MafiaWare Ransomware Removal Guide

Do you know what MafiaWare Ransomware is?

MafiaWare Ransomware is a computer infection that attacks you when you expect it the least. This program does not need your permission to enter your computer, but the sad truth is that users still initiate the download and installation of this ransomware infection. How does that happen? How is it possible to remove MafiaWare Ransomware? What are the implications of this infection? If you wish to find out more, please continue reading this description. We will try to cover as much details about this program as possible, so that you would find out more about the infection.

Our research lab team says that this program is another version of the HiddenTear or Crysis Ransomware. Therefore, it is similar to Payday Ransomware, HappyLocker Ransomware, 8lock8 Ransomware, and many other infections that were based on the same malicious code. It does not mean that all of them were created by the same people, however. It is very likely that the HiddenTear ransomware code was shared among the cybercrime community, and a number of developers used it to create their own custom ransomware infection. Hence, the methods of dealing with each infection differ as well, and what can be applied to one program, may not be applicable to another.MafiaWare Ransomware Removal GuideMafiaWare Ransomware screenshot
Scroll down for full removal instructions

The best way to protect yourself from a ransomware infection is to avoid it altogether. For that, you need to know how ransomware programs spread across the Internet. Usually, they employ spam email campaigns to reach multiple computers worldwide. The same applies to MafiaWare Ransomware, as well. You must have installed this program accidentally when you opened some email attachment. Therefore, it is important to learn which attachments are suspicious and which are safe. You most probably downloaded an attachment that looked like an MS Word or Excel file. Perhaps you thought it was an invoice from an online store? Or perhaps it looked like a report from your bank? Whichever it might have been, we would like to point out that reputable companies seldom second MS Word or Excel files with important information in them. It is far more likely that your invoice will be embedded in the email message itself, or that you will find a secure outgoing link in the mail, leading you to the information on the official website.

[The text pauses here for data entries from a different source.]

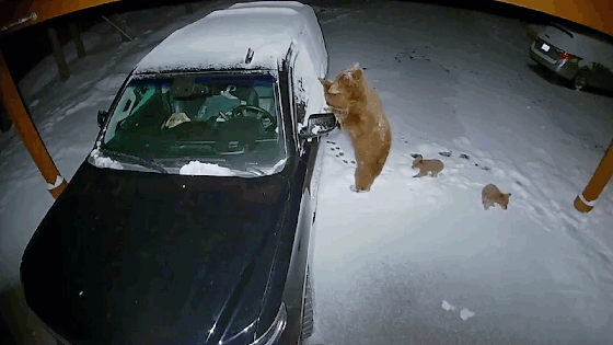 Gấu mẹ dẫn theo đàn con mở cửa lẻn vào ô tô
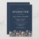 Boho Wildblommor Navy Blue Studentfest Inbjudningar
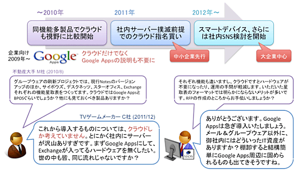 変化は、その企業の規模や業種業態もしくは所在地域などの違いで、程度の違いはあろうともほぼ間違いなく感じられる。なによりそもそものクラウド概念の説明が不要になってきた。いや、クラウドだけでなくGoogle Appsの基本的な説明すらも不要な場合がある。2年前から毎月登壇している自社主催セールスセミナーでも、当初は「クラウドは既に企業の利用に耐えるレベルですよ」とか「Appsは人数毎の従量課金でお求めやすいです」、果ては「Google AppsはSAS70認証が取得されていて公開企業でも大丈夫」などと説明していた。しかし最近では既にクラウドのメリットとリスクを十分に理解しているか、もしくは切羽詰まった状況で細かなことは考慮の外に追いやってGoogle Appsを指名買いしにくる方々ばかりとなっている。それも規模の小さな企業から始まって既に大企業も同じ考え方が浸透してきているように思われる。
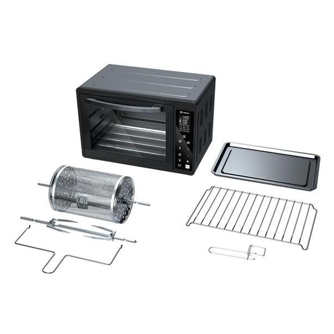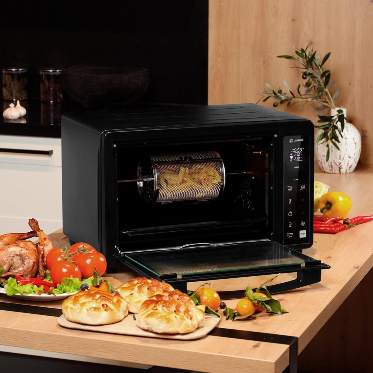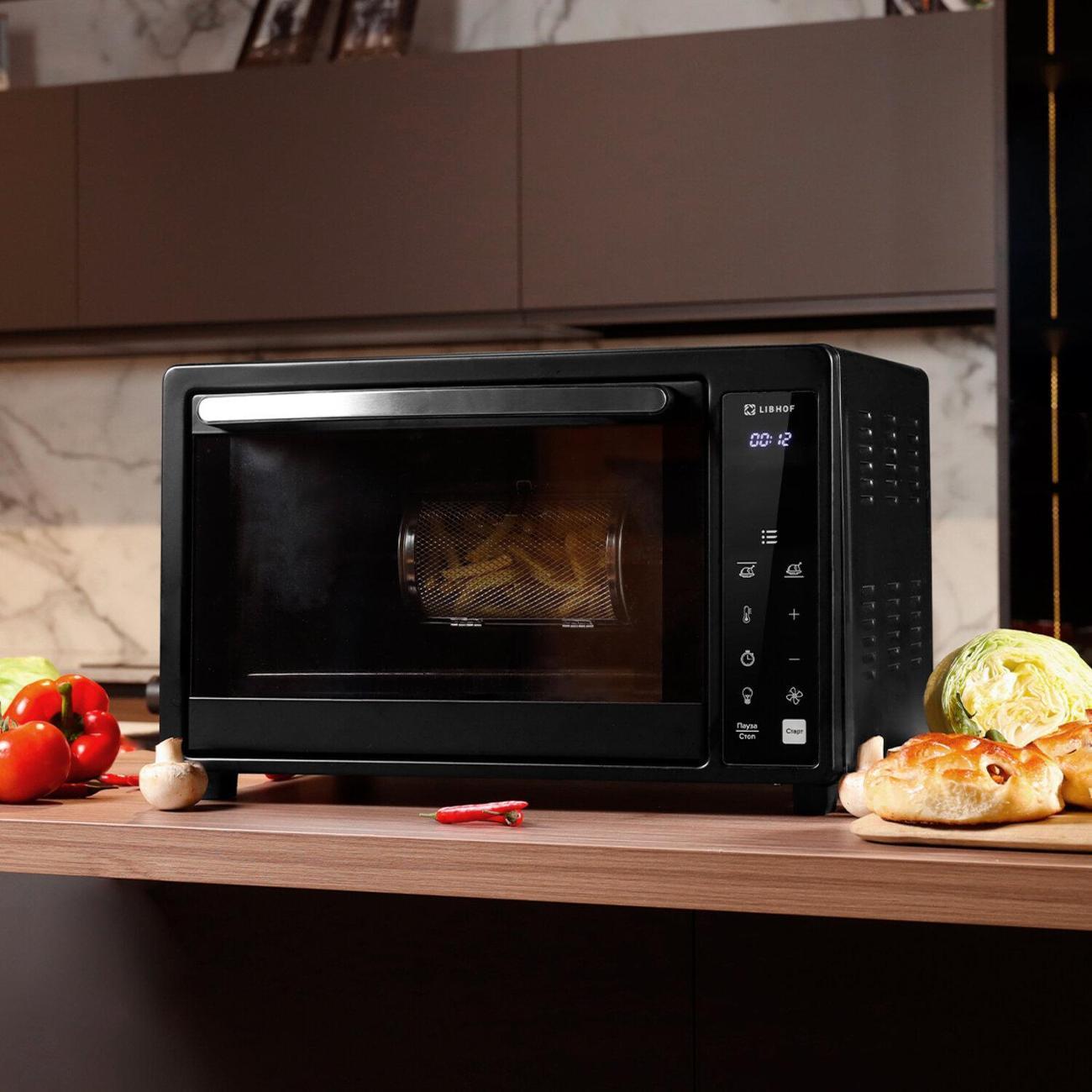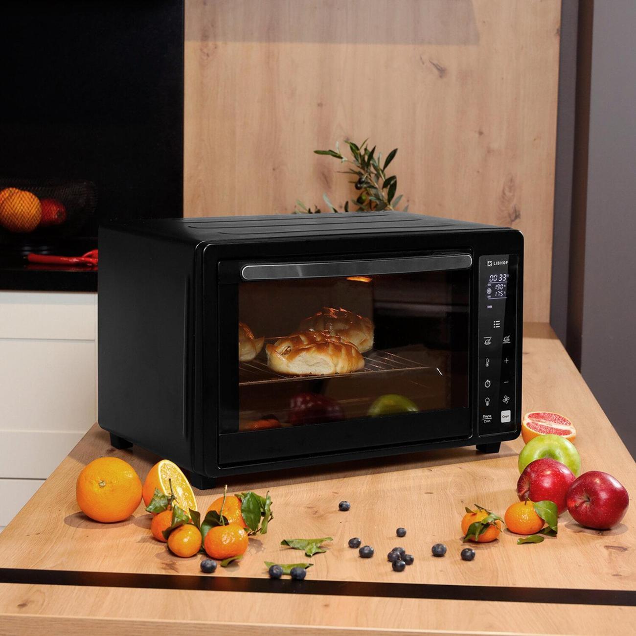 Черная мини-печь Libhof OVX-46 при габаритах 35,7х56,5х41,2 см и весе 8,3 кг вмещает 46 л. Модель управляется при помощи сенсорной панели с поддержкой 12 автоматических программ, звуковым сигналом, таймером и индикацией, оповещающей о включении и выбранной температуре. Устройство питается от сети посредством 0,8 м кабеля и потребляет 1800 Вт. Предусмотрен гриль, конвекция, функция предварительной разморозки и нагрев до максимальных 230°С.
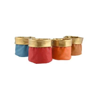 Article made of faux leather assorted colours with gold colour border 4 assortments ( 1 red + 1 light blue + 1 orange + 1 brown ) Storage box and plant holder
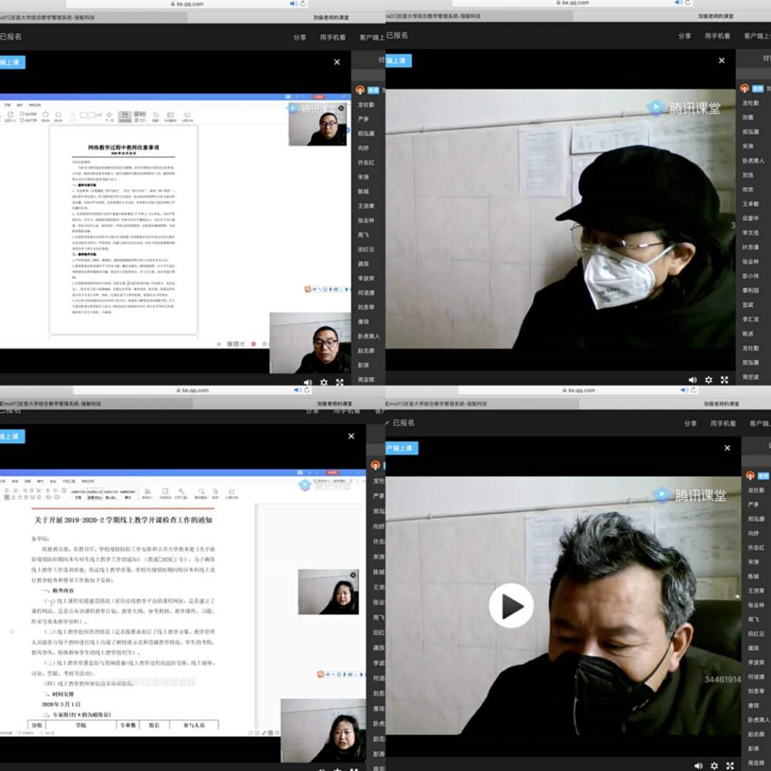 示范结束后,老师们依次线上连麦,分享个人选用平台操作方法,其中有:雨课堂、课堂派、钉钉、腾讯会议等。大家互相借鉴,耐心学习各类平台使用方法,为了防止网络出现拥挤,每一位老师都从中选取了两套适合自己的线上授课平台,一套为标准授课平台,一套为备用平台。
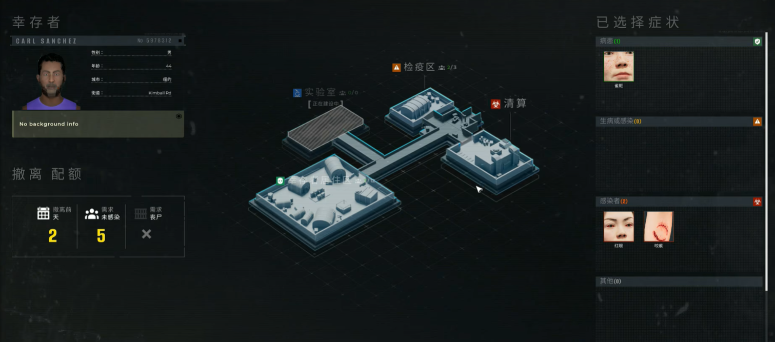 作为前线决策者,你的判断直接决定人员去向与区域安全。初始检疫区仅设4张观察床,务必优先分配给黄色标记人员。建议实行分床隔离制——避免症状交叉影响,便于追踪个体变化:部分人可自然缓解(如退热、止咳),另一些则会持续恶化。重要铁律:任何红色标记个体不得滞留超过48小时;每日清晨须完成清点与处置,确保新收容者入场前,检疫空间处于绝对洁净状态。
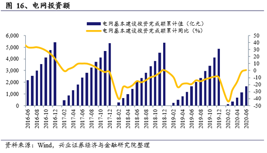 2020年6月电网投资额为523亿元,同比上升7.39%,环比上升12.72%,电网投资增速下滑。
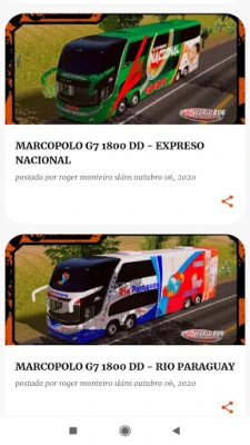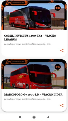 - Skins de Ônibus - Skins de Empresas Reais - Skins leves e livres de vírus. - Download via Google Drive. - Menus de fácil acesso as Skins. - Notificação em Push
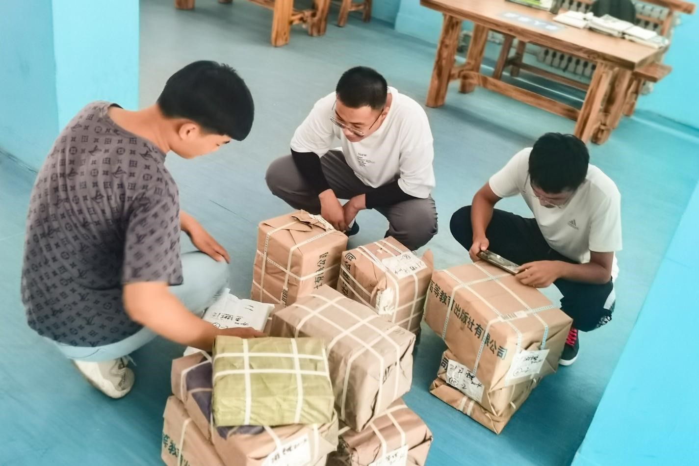 现场,相关负责老师下发教材清单,同学们有序搬运、拆封、分拣教材包裹,各班负责人自觉排队,经纸质登记、数目清点、现场核对等流程,有条不紊地领取到了教材。

Hence, if you are about to open an unfamiliar file attachment, you should think twice before doing so. If you are not sure, you can always scan it with a security tool, to see if it is safe or not.

However, what happens if MafiaWare Ransomware enters your computer either way? Well, this program behaves like most of the ransomware infections. It scans your system, looking for the types of files it can encrypt. Although there are ransomware programs that can encrypt almost all files on the infected computer, MafiaWare Ransomware does not do that. We have found that the program affects all document and picture file formats. So it is very likely that it will encrypt most of your frequently-used files.

Once the encryption is complete, all the affected files get a new extension: .locked-by-mafia. With that, you can easily see which files have been encrypted by the program. Aside from that, the program also drops a READ_ME.txt file on your desktop. The file comes with these instructions:

Your files has been encrypted by depsex
Pay $155 to my bitcoin address 1Cs7xqkujGWQAMq1y54D68QWWKyCz266zz
And send the proof to my email

Will the hacker issue the decryption key if you pay the ransom? The chances are pretty slim. What’s more, there is always a possibility that the server connection between the infection and its command and control center might time out, so trusting these criminals is never a good idea.

You should remove MafiaWare Ransomware from your computer right now, if you wish you restore your files. Although a public decryption tool is not available at the time of writing, you can get your files back from a system backup (if you have one). Also, users often have quite a few files stored in online drives, and even in their inboxes. So please consider all of your options because paying the ransom fee is definitely not a good idea.

How to Remove MafiaWare Ransomware

  1. Open your Downloads folder.
  2. Find the most recently downloaded file.
  3. Delete the file.
  4. Scan your computer with SpyHunter.

In non-techie terms:

MafiaWare Ransomware will encrypt your files and you will no longer be able to access them. This malicious infection wants your money, and it will try its best to convince you that if you do not pay, your files will be gone for good. Do not succumb to these threats. Remove MafiaWare Ransomware with a licensed antispyware tool and then ensure your system is safeguarded against similar intruders in the future.